The equivalent resistance of two resistor connected in series is `6 Omega` and their equivalent resistance is `(4)/(3)Omega`. What are the values of resistances ?

To solve the problem of finding the values of two resistors \( R_1 \) and \( R_2 \) given their equivalent resistance in series and parallel, we can follow these steps: ### Step 1: Write down the equations for series and parallel resistances. For resistors in series: \[ R_s = R_1 + R_2 \] Given that \( R_s = 6 \, \Omega \), we have: \[ R_1 + R_2 = 6 \quad \text{(Equation 1)} \] For resistors in parallel: \[ R_p = \frac{R_1 R_2}{R_1 + R_2} \] Given that \( R_p = \frac{4}{3} \, \Omega \), we can substitute \( R_1 + R_2 \) from Equation 1: \[ \frac{R_1 R_2}{6} = \frac{4}{3} \] Multiplying both sides by 6 gives: \[ R_1 R_2 = 8 \quad \text{(Equation 2)} \] ### Step 2: Solve the system of equations. Now we have two equations: 1. \( R_1 + R_2 = 6 \) 2. \( R_1 R_2 = 8 \) From Equation 1, we can express \( R_2 \) in terms of \( R_1 \): \[ R_2 = 6 - R_1 \] ### Step 3: Substitute \( R_2 \) into Equation 2. Substituting \( R_2 \) into Equation 2: \[ R_1(6 - R_1) = 8 \] Expanding this gives: \[ 6R_1 - R_1^2 = 8 \] Rearranging the equation: \[ R_1^2 - 6R_1 + 8 = 0 \] ### Step 4: Solve the quadratic equation.

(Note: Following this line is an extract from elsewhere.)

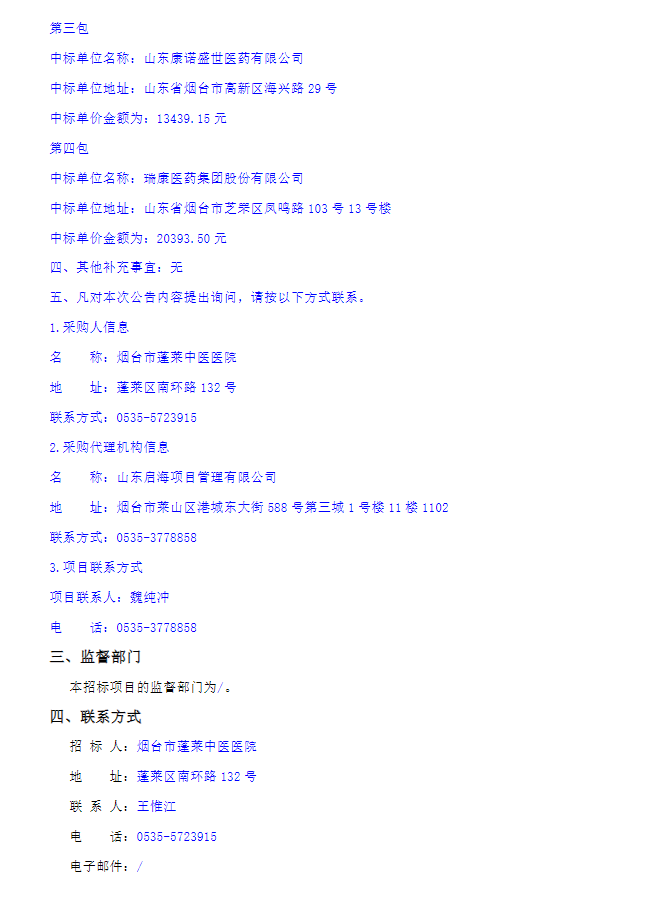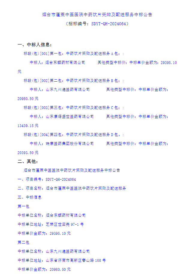 【烟台市蓬莱中医医院】山东省烟台市蓬莱中医医院中药饮片采购及配送服务中标公告

We can solve this quadratic equation using the quadratic formula: \[ R_1 = \frac{-b \pm \sqrt{b^2 - 4ac}}{2a} \] where \( a = 1, b = -6, c = 8 \): \[ R_1 = \frac{6 \pm \sqrt{(-6)^2 - 4 \cdot 1 \cdot 8}}{2 \cdot 1} \] \[ R_1 = \frac{6 \pm \sqrt{36 - 32}}{2} \] \[ R_1 = \frac{6 \pm \sqrt{4}}{2} \] \[ R_1 = \frac{6 \pm 2}{2} \] This gives us two possible values: \[ R_1 = \frac{8}{2} = 4 \quad \text{or} \quad R_1 = \frac{4}{2} = 2 \] ### Step 5: Find \( R_2 \). Using \( R_1 = 4 \): \[ R_2 = 6 - R_1 = 6 - 4 = 2 \] Using \( R_1 = 2 \): \[ R_2 = 6 - R_1 = 6 - 2 = 4 \] ### Conclusion: Thus, the values of the resistances are: \[ R_1 = 4 \, \Omega \quad \text{and} \quad R_2 = 2 \, \Omega \] ### Final Answer: The resistances are \( 4 \, \Omega \) and \( 2 \, \Omega \). ---